[Goal of the exercise] Pictures aside, every line of the listing should be given again exactly.

[Data block]
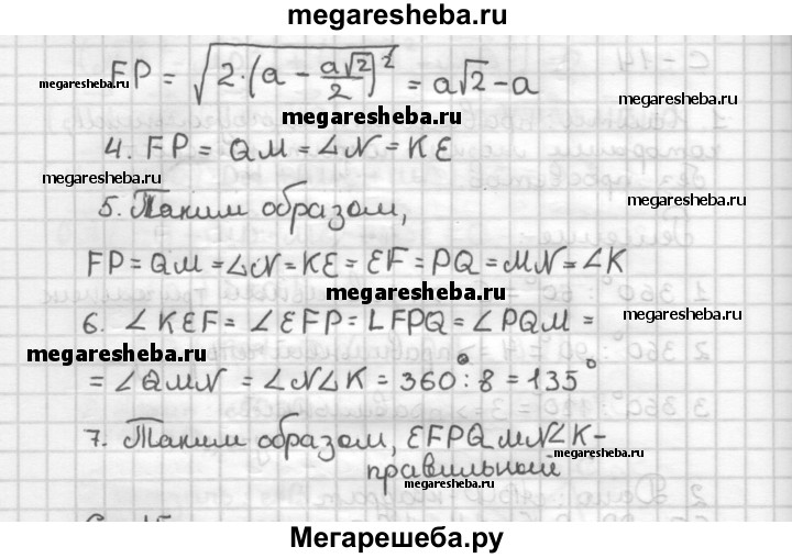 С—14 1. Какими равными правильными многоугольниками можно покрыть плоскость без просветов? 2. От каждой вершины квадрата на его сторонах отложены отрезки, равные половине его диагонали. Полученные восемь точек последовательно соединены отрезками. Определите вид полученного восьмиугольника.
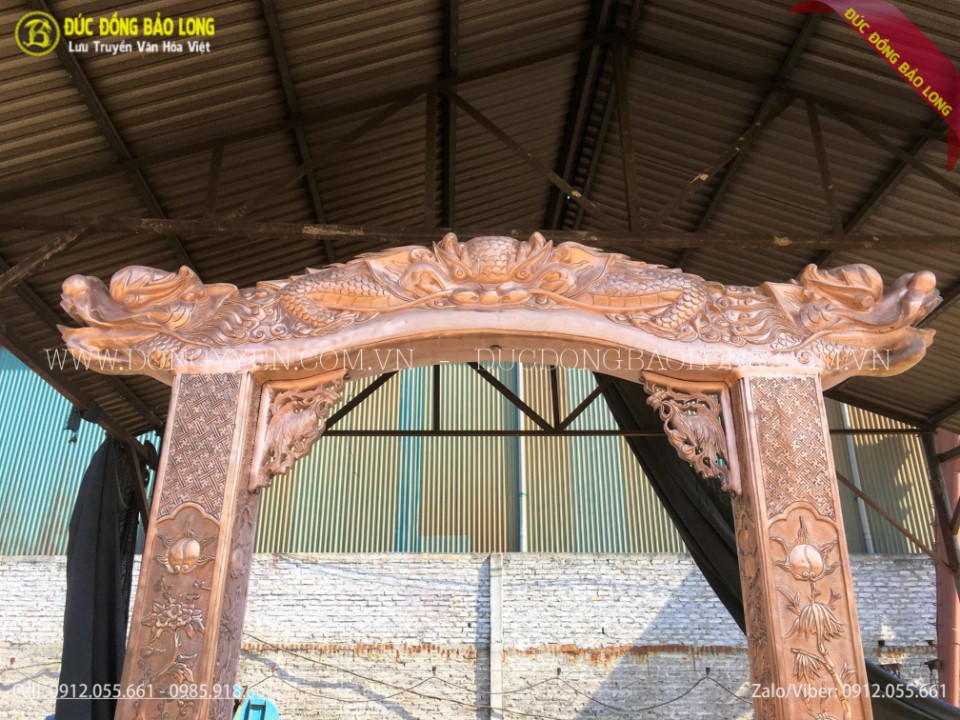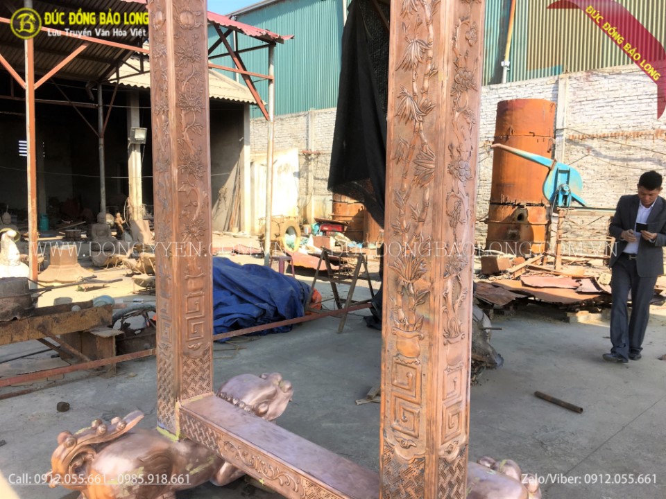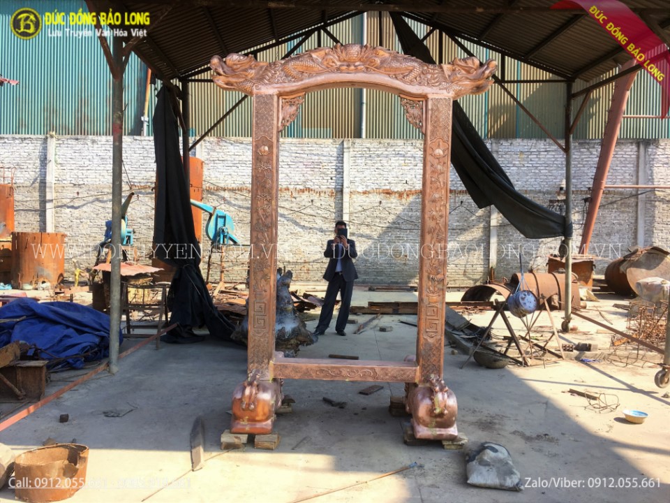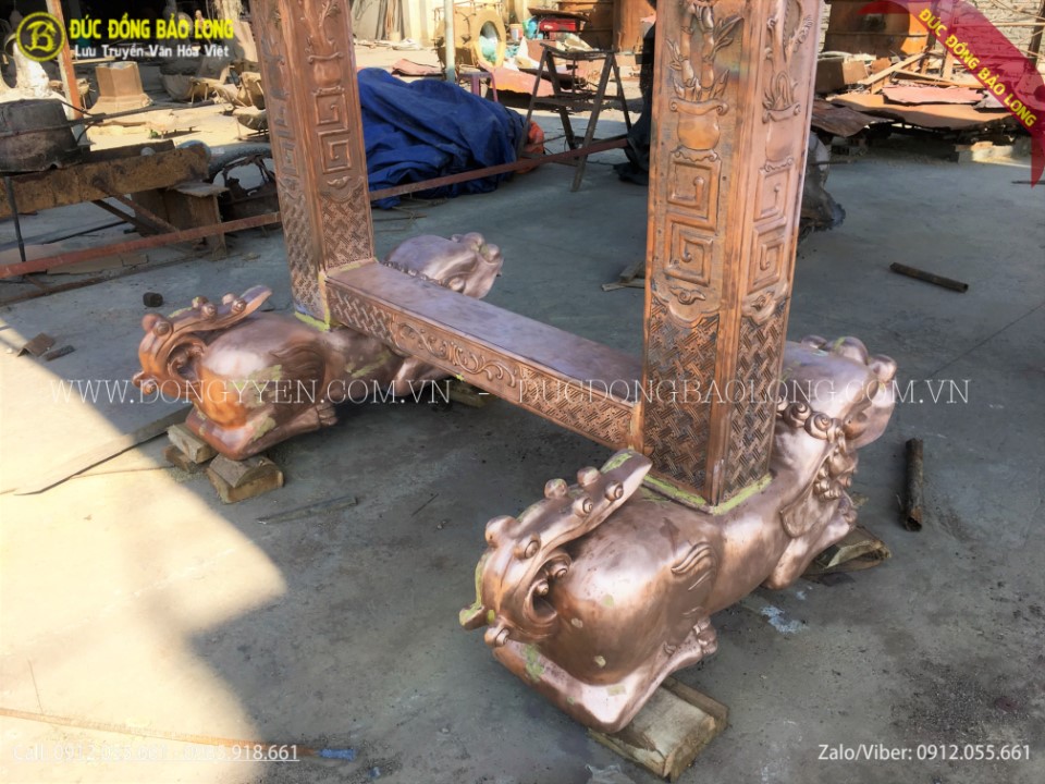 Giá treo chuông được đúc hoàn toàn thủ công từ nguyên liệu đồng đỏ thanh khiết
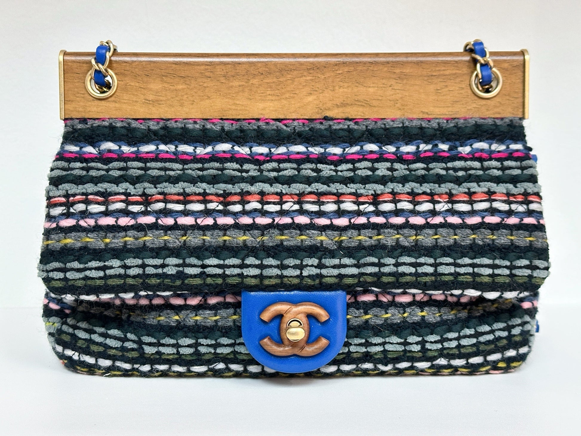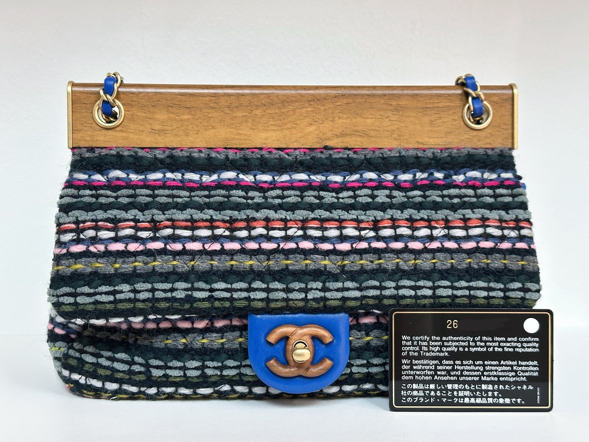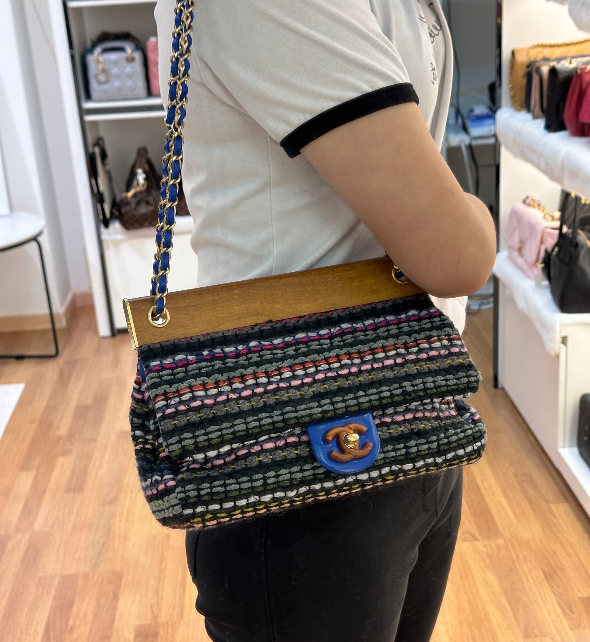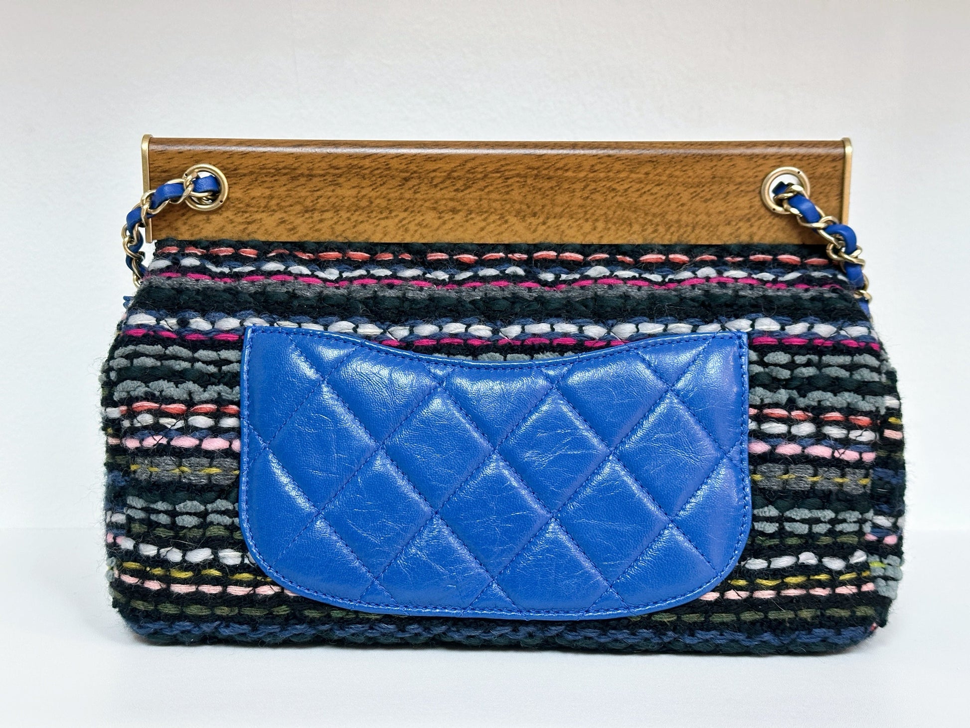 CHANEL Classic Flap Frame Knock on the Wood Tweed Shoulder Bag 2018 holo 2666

[Solution]
 С—14 1. Какими равными правильными многоугольниками можно покрыть плоскость без просветов? 2. От каждой вершины квадрата на его сторонах отложены отрезки, равные половине его диагонали. Полученные восемь точек последовательно соединены отрезками. Определите вид полученного восьмиугольника.
 Giá treo chuông được đúc hoàn toàn thủ công từ nguyên liệu đồng đỏ thanh khiết
 CHANEL Classic Flap Frame Knock on the Wood Tweed Shoulder Bag 2018 holo 2666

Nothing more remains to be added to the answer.